In nutrition, perhaps even more than in training, nothing is black and white. Common vitamins that are beneficial for some can be overkill for others. Performance supplements cloud the issue even more, particularly when a trainer is the one selling them to you. Large commissions are paid to trainers who sell supplements; others have to meet sales quotas just to keep their jobs. You'd better believe that can cloud their judgement, especially because most trainers know just as much about nutrition as you do.

So it might come as a surprise that I think it's OK for a trainer to advise a client on nutrition. But think of it this way: Your trainer's job is to help you devise strategies to help you adhere to your plan and achieve your goals. Nutrition is definitely part of that. But I would add that it is the responsibility of a trainer to only advocate eating habits they know well, and to be honest about their limitations. If they don't have advanced knowledge, or if you have specific needs, they should refer you to somebody more qualified.

7
A session does not need to be one hour to be effective

The one-hour session has become gospel in gyms across North America, but you may be surprised to hear that personal trainers generally hate it. Some protocols require more frequent, shorter bouts of 30-40 minutes of training, and others require 1.5 hours or more. One isn't necessarily better or more effective than the other.

If a trainer ends a session in 50 minutes, it's not because he or she wants to go to lunch earlier. It's because 50 minutes was the optimal time for you to perform the routine you were performing. But because of the one-hour rule, trainers are often forced to stretch their clients after the session even in cases where the stretching contributes nothing to the client's goals. At the same time, some sessions should last longer than one hour because a client needs a high volume of sets and reps to progress in their training. In these cases, the trainer is forced to cut the session short rather than providing the client with an optimal workout.

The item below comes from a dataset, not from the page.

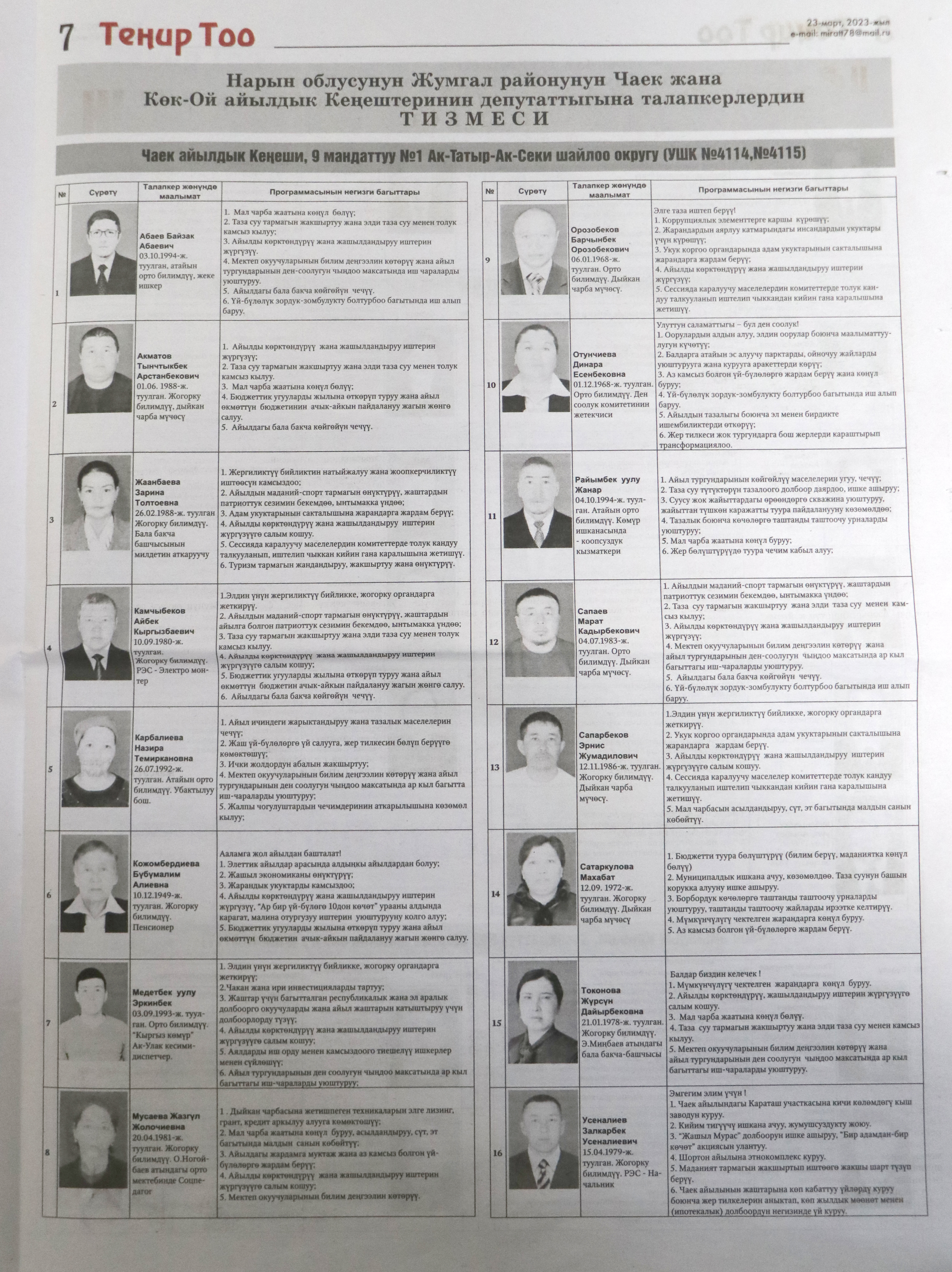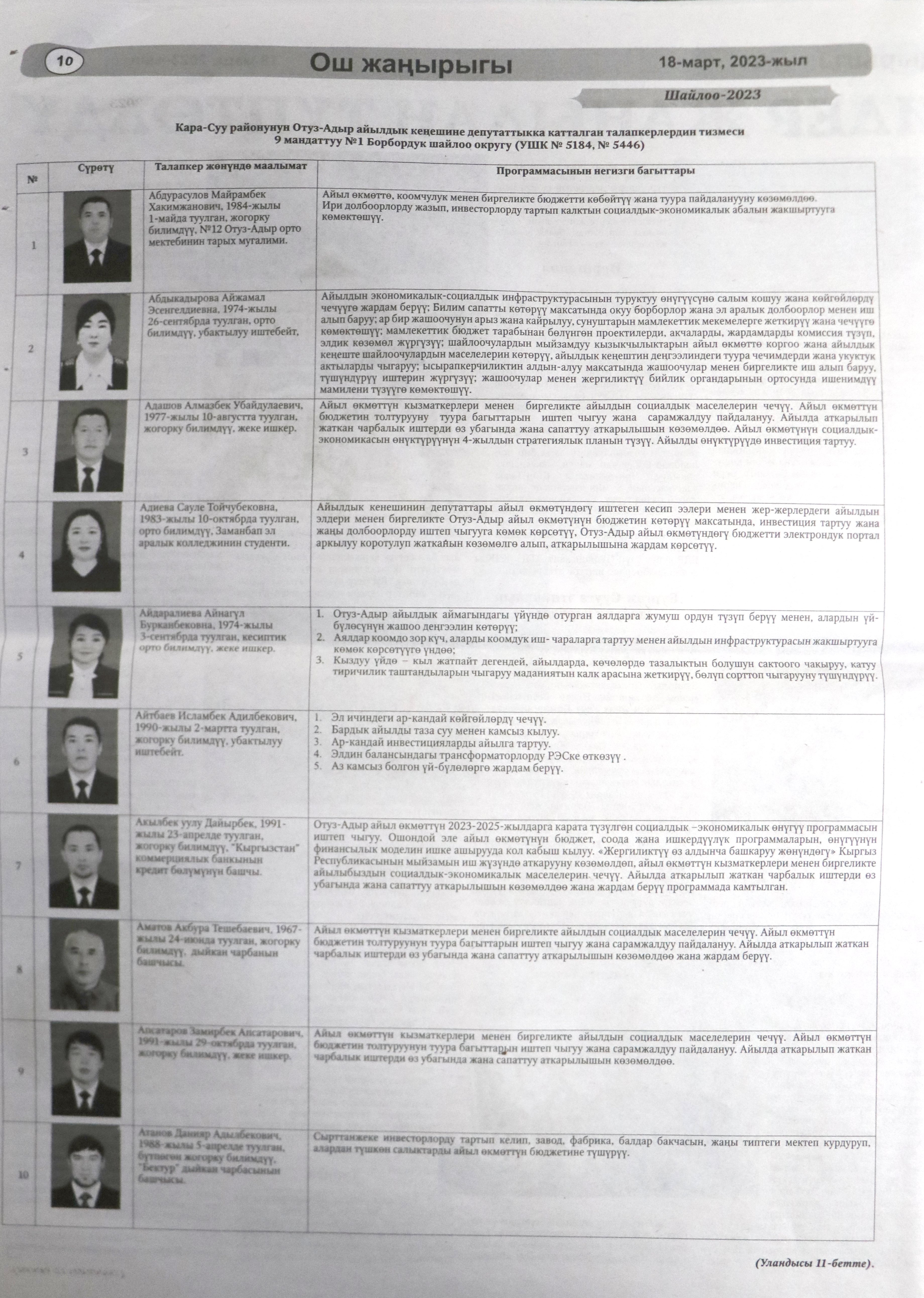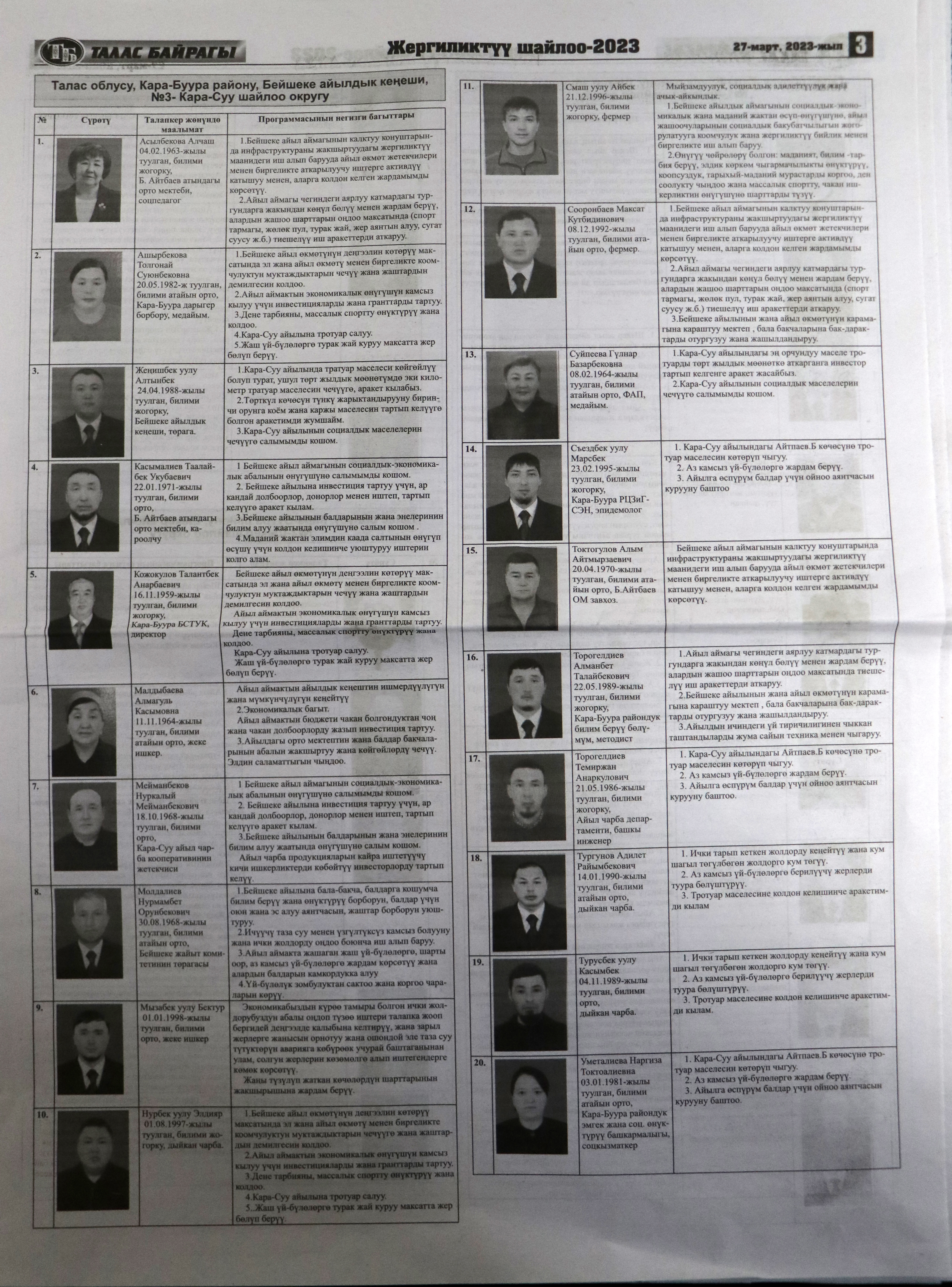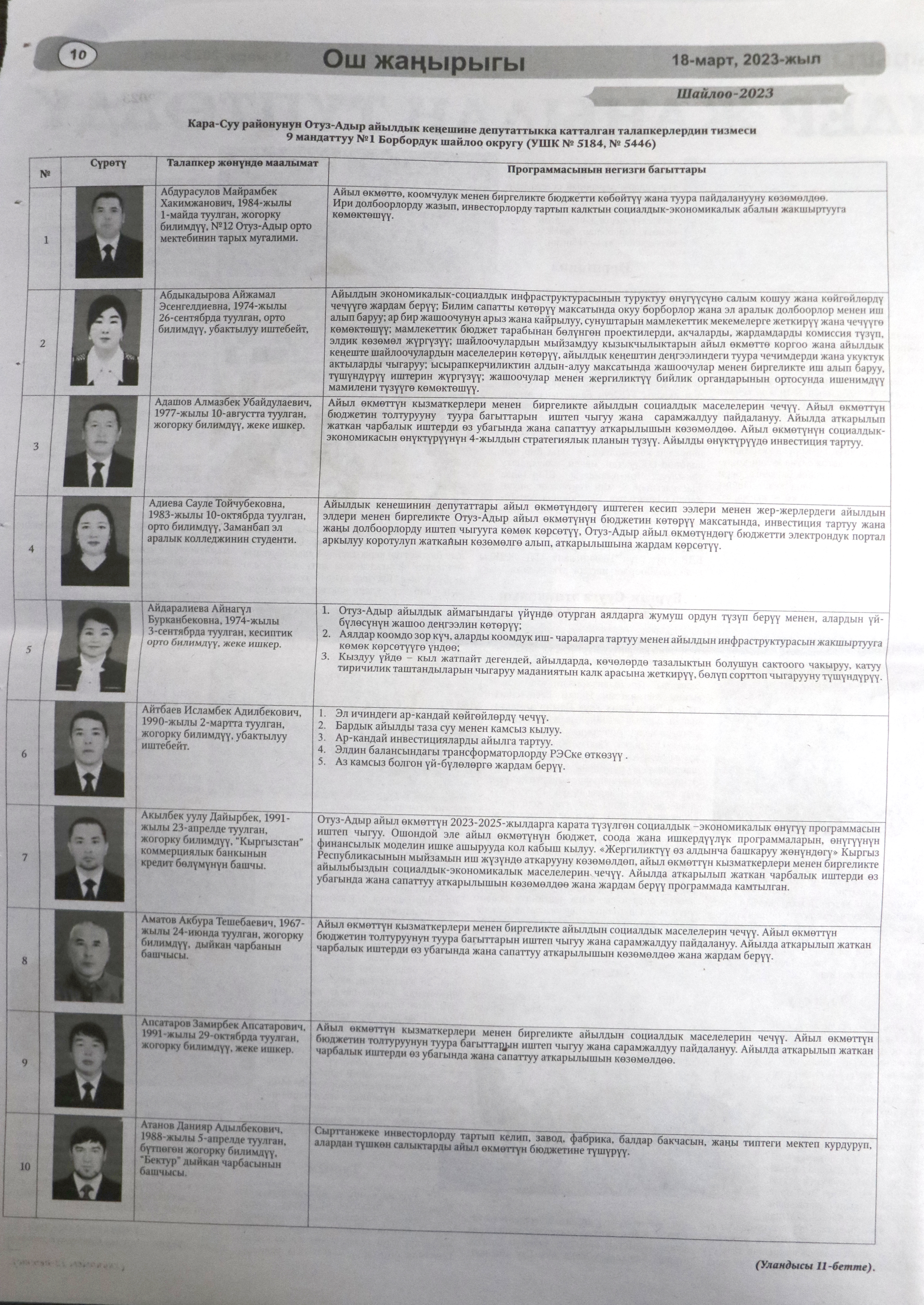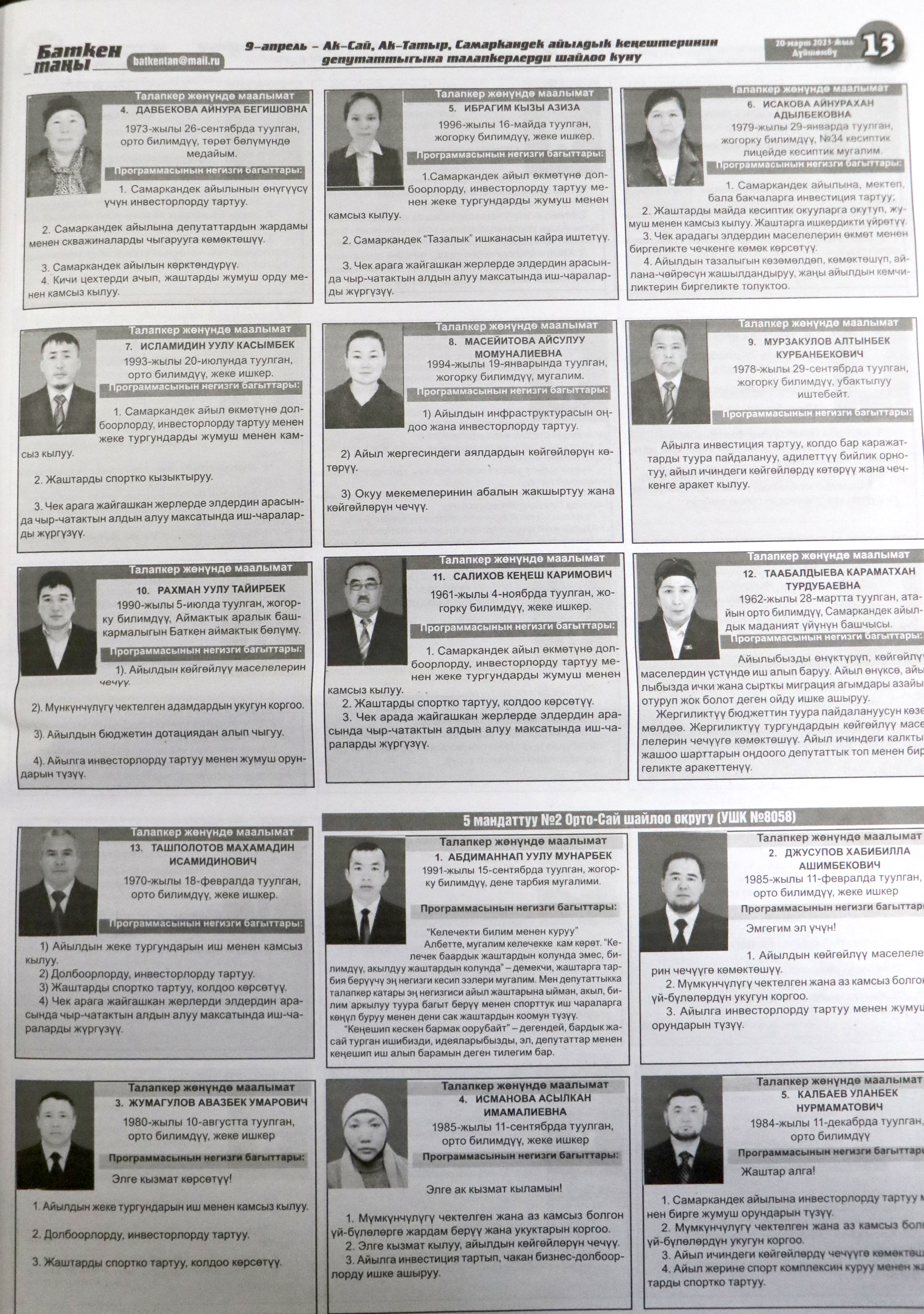 Жергиликтүү кеңештерлдин депутаттыгына талапкерлер жѳнүндѳ шайлоочуларды маалымдоо максатында БШК райондук жана облустук гезиттерде маалыматтарды жарыялаган.
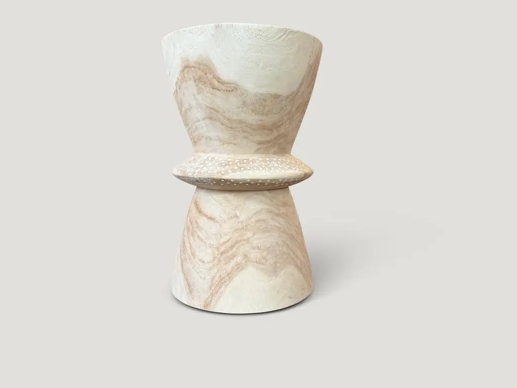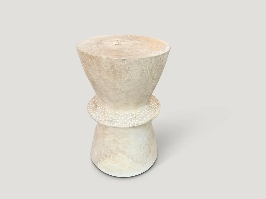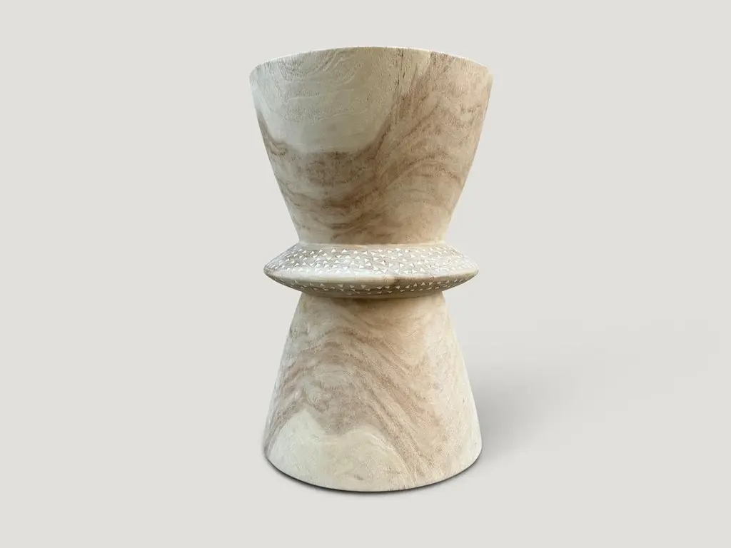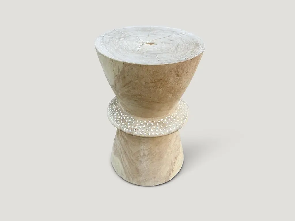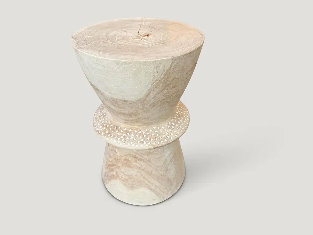 Beautiful hand carved teak wood side table with added shell inlay to the center section. First bleached and finished with a light white wash revealing the unique contrasting wood grain. It’s all in the details. Custom stains available. Please inquire.Own an Andrianna Shamaris OriginalAndrianna Shamaris. The Leader In Modern Organic Design.

Business practice should not dictate training. Stay in dialog with your trainer, and stay open to doing more or less than an hour's work when necessary.

8
There are plenty of good trainers out there

It can be easy to think that the only trainers worth your attention are people who've successfully built their "star" online or elsewhere. But the truth is that there are plenty of great trainers with zero star-power working long hours in gyms all over the world. They choose this job after years of self-discovery, both mental and physical, because they want to pass on their knowledge and passion for fitness to others.

These people want to help you take the quickest route possible to the body you've always dreamed of. If you decide to hire a trainer, you are not hiring them for one hour. You are hiring them for their years of expertise. Your success is their success. Don't forget that.

References
  1. International Health, Racquet, and Sports Club Association [Internet]. Boston: IHRSA; 2010 [cited 2013 Nov. 7]. 51.4 Million Americans are Health Club Members, Up 2.4%; [about 2 screens]. Available from: http://www.ihrsa.org/media-center/2012/4/2/514-million-americans-are-health-club-members-up-24-club-usa.html
  2. Bureau of Laber Stastistics [Internet]. Washington, DC; [updated 2012 Apr 26; 2013 Nov. 7]. Job Outlook: Fitness Trainers and Instructors [about 2 screens]. Available from: http://www.bls.gov/ooh/Personal-Care-and-Service/Fitness-trainers-and-instructors.htm
  3. Hubal MJ, et al. Variability in muscle size and strength gain after unilateral resistance training. Med Sci Sports Exerc. 2005 Jun; 37(6):964-72.